How many jelly beans are in the jar?

Your best guess is probably wrong.

But if I were to ask a few hundred people their guesses and calculate the average, the average would turn out to be pretty accurate. Some guesses are in fact correct, but they are rare and you don’t know ahead of time which guess will be correct.

If you’re familiar with the game show “Who Wants to be a Millionaire” (or the movie based on the Indian version of the show), you may know that when a contestant gets stuck trying to answer a question, they have an option to ask the audience.

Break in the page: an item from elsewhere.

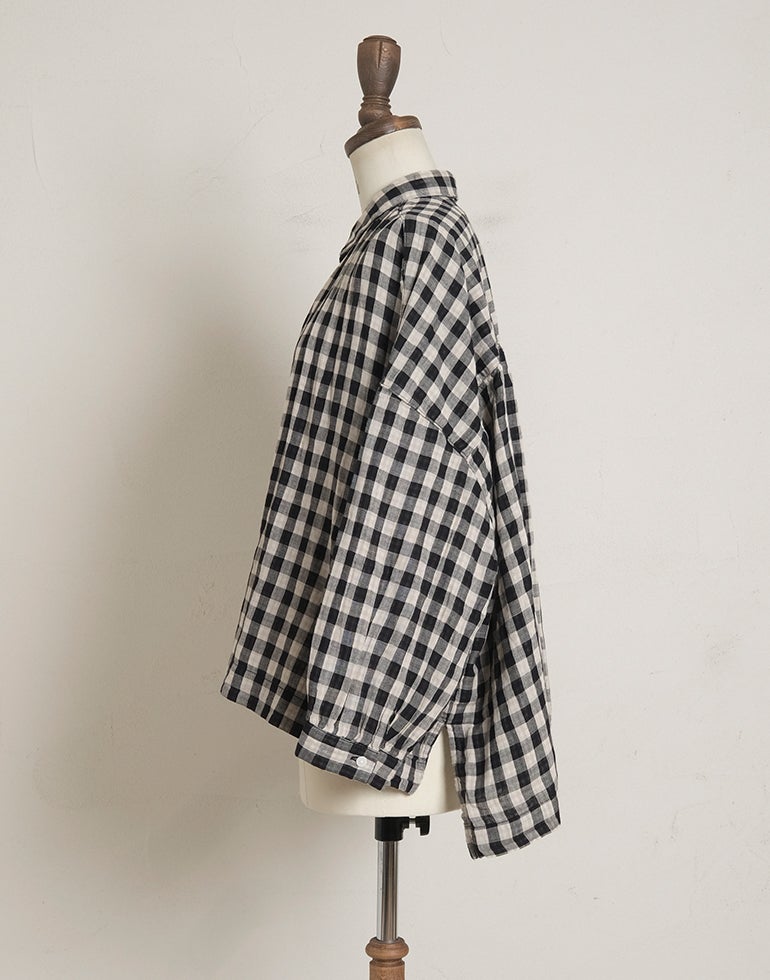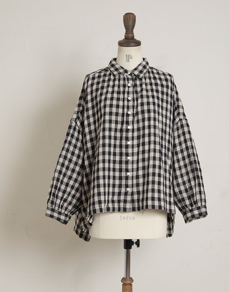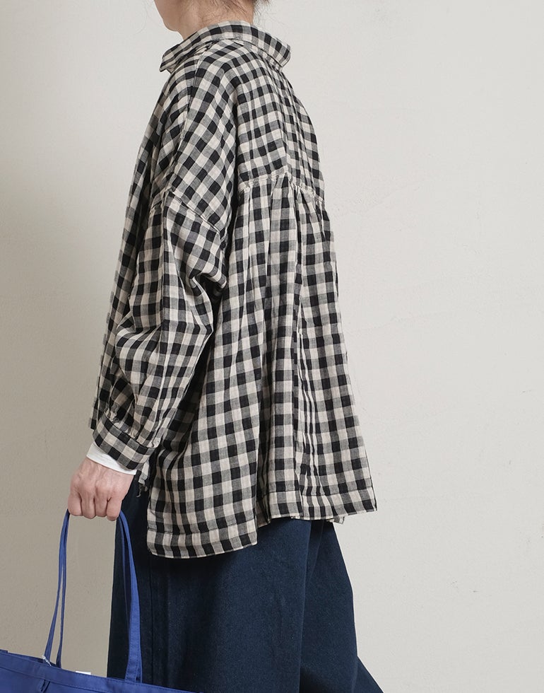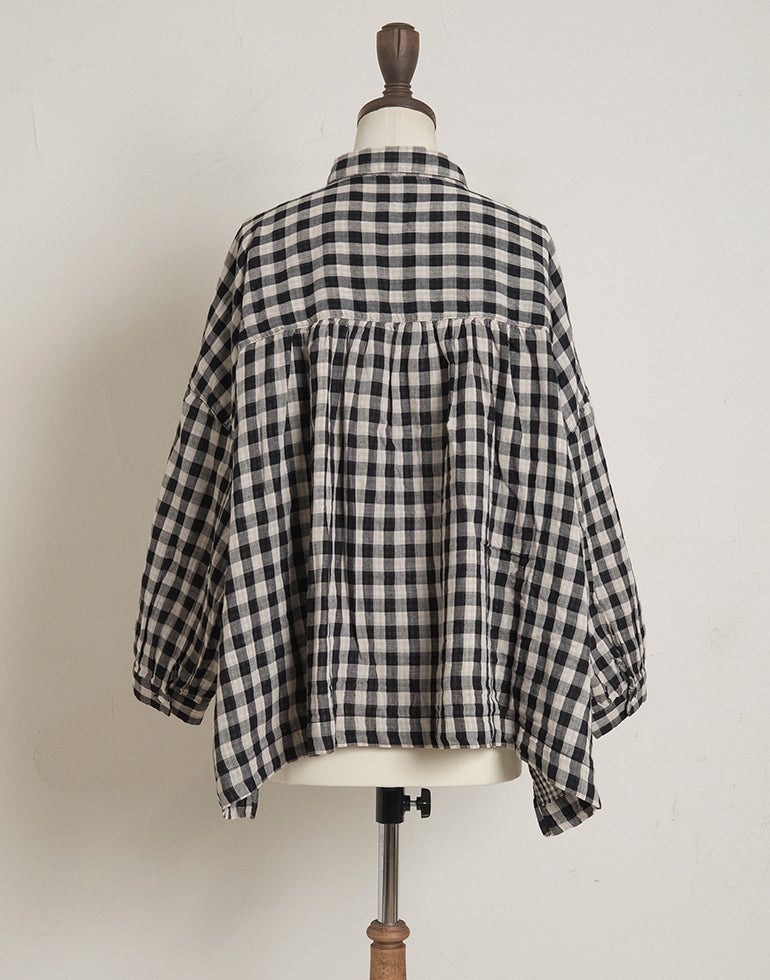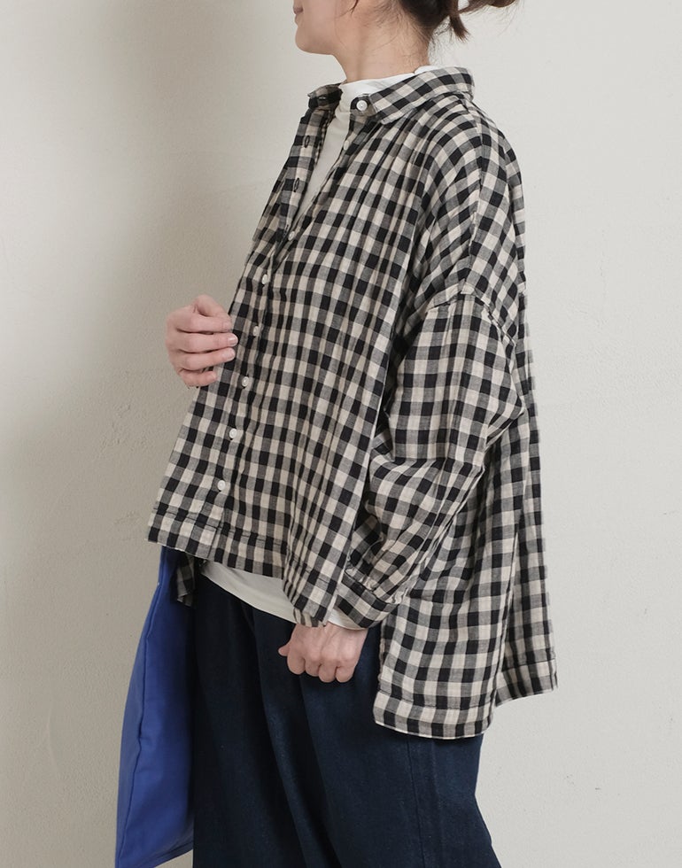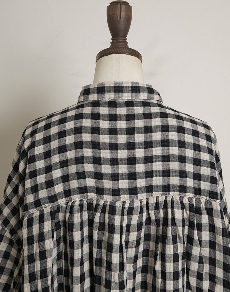 やわらかく空気を含んだふっくら風合いのWガーゼのコットン素材。ワイドな身幅にバックにギャザーを施し、切替下からやさしく広がるシルエットで、体のラインを拾いにくく、自然なドレープ感を演出。羽織りとしても使える汎用性の高さが魅力です。どんなアイテムとも好相性の、ナチュラル×ブラックカラーの配色チェックです。

Turns out the audience is right over 90% of the time (at least in the U.S.).

This track record doesn’t come from asking the smartest audience member, but instead comes from selecting the top-picked answer by the audience–in essence using the wisdom of the crowd.

In many cases, the judgment from multiple people collected independently and then aggregated is better than even the best individual judgment. And this principle applies to more than trivial thingsā€”it applies to predictions with real consequences and from experts with advanced degrees.

Forecasting the growth (or contraction) of an economy and unemployment has major consequences for both public policy and the private investor. However, it’s usually the case that the average forecast from different economists is better than any individual forecaster. This has been called the Reverse Lake Wobegon effect, in reference to the fictional town where everyone is above average. In the reverse, everyone predicts worse than the average forecast, but it’s not fictional.

The idea of aggregating results is a powerful methodological tool that can smooth out unusual forecasts, scientific conclusions, and judgments from experts and novices alike. It’s the power behind meta-analysis and using the average of several polls to predict the winner of an election.

Aggregating Judgment in User and Customer Research

This same principle of aggregating can be applied to user and customer research as well. Here are five applications where aggregating is to your advantage.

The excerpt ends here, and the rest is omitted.